# DATA SEGMENT
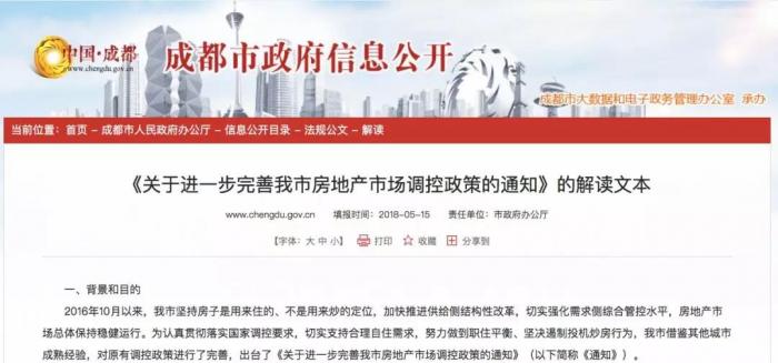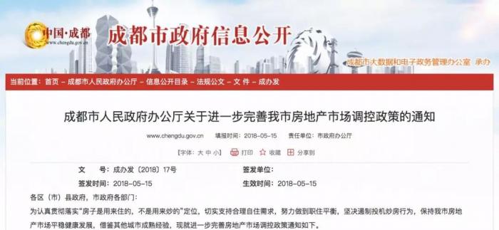 就在今天(5月15日)晚间,成都市政府办公厅发布了《成都市人民政府办公厅关于进一步完善我市房地产市场调控政策的通知》(以下简称《通知》),进一步完善房地产市场调控政策。
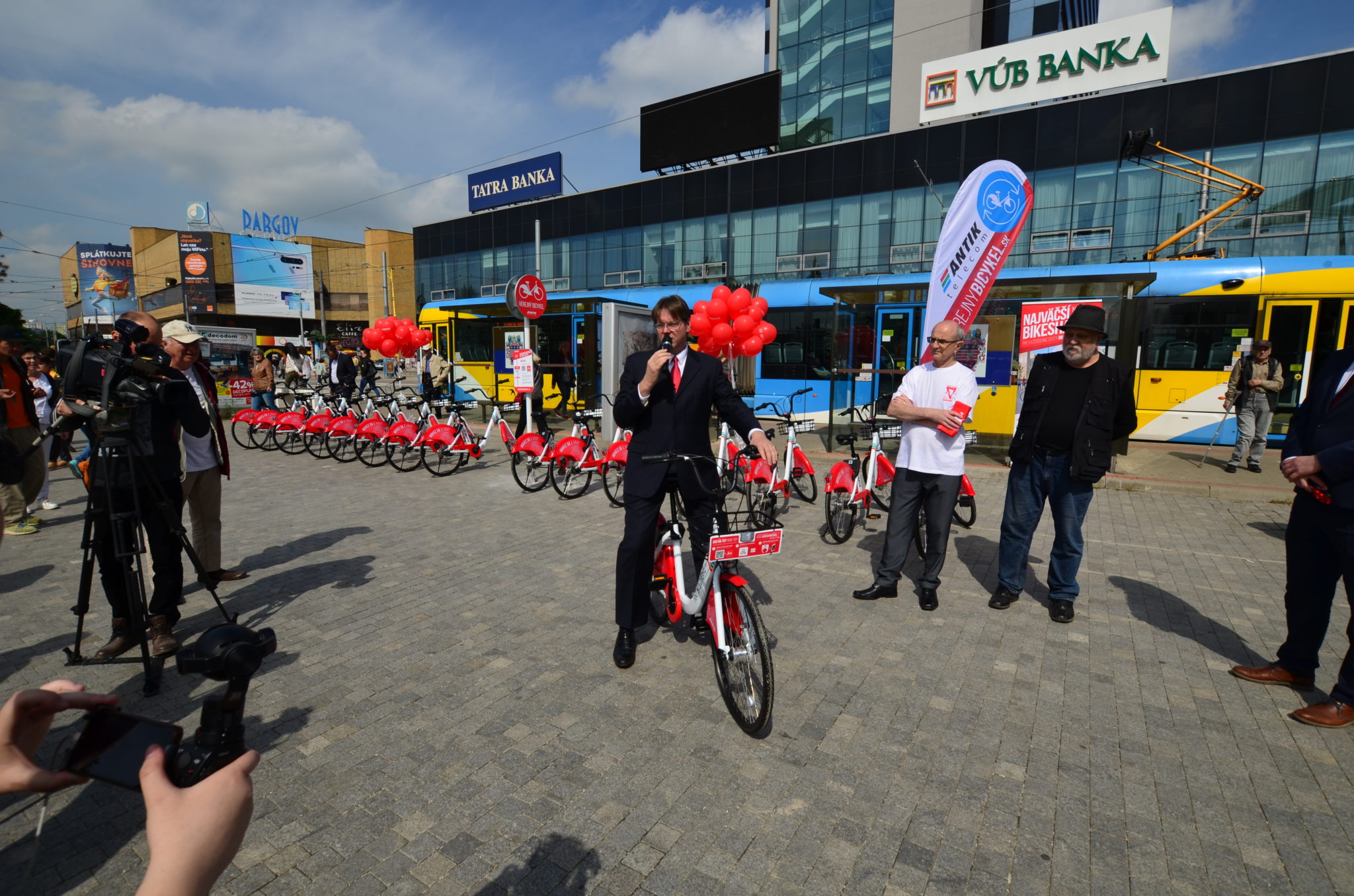Bikesharing slávnostne spustil Marcel Giboda, námestník primátora mesta Košíc, Ladislav Rovinskéhy poslanec MsZ Košíc, šéf Cyklistickej únie mesta Košíc Karol Labas a generálny riaditeľ Antik Telecom Igor Kolla
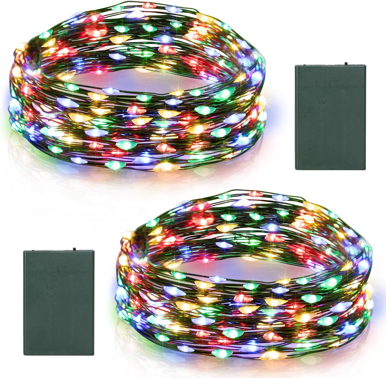 2 Pack Christmas Fairy Lights Battery Operated, 16.4FT 50 LED Dark Green Wire Micro Starry Twinkle Light with Auto Timer Waterproof, Indoor String Lights for Indoor Outdoor Yard Decor (Multicolor)

# HOW TO COMPLETE THIS TASK
Output, exactly as written, only the lines from the beginning of the listing through the line containing "Bikesharing slávnostne spustil", both included, and no pictures.

# YOUR RESPONSE
 就在今天(5月15日)晚间,成都市政府办公厅发布了《成都市人民政府办公厅关于进一步完善我市房地产市场调控政策的通知》(以下简称《通知》),进一步完善房地产市场调控政策。
Bikesharing slávnostne spustil Marcel Giboda, námestník primátora mesta Košíc, Ladislav Rovinskéhy poslanec MsZ Košíc, šéf Cyklistickej únie mesta Košíc Karol Labas a generálny riaditeľ Antik Telecom Igor Kolla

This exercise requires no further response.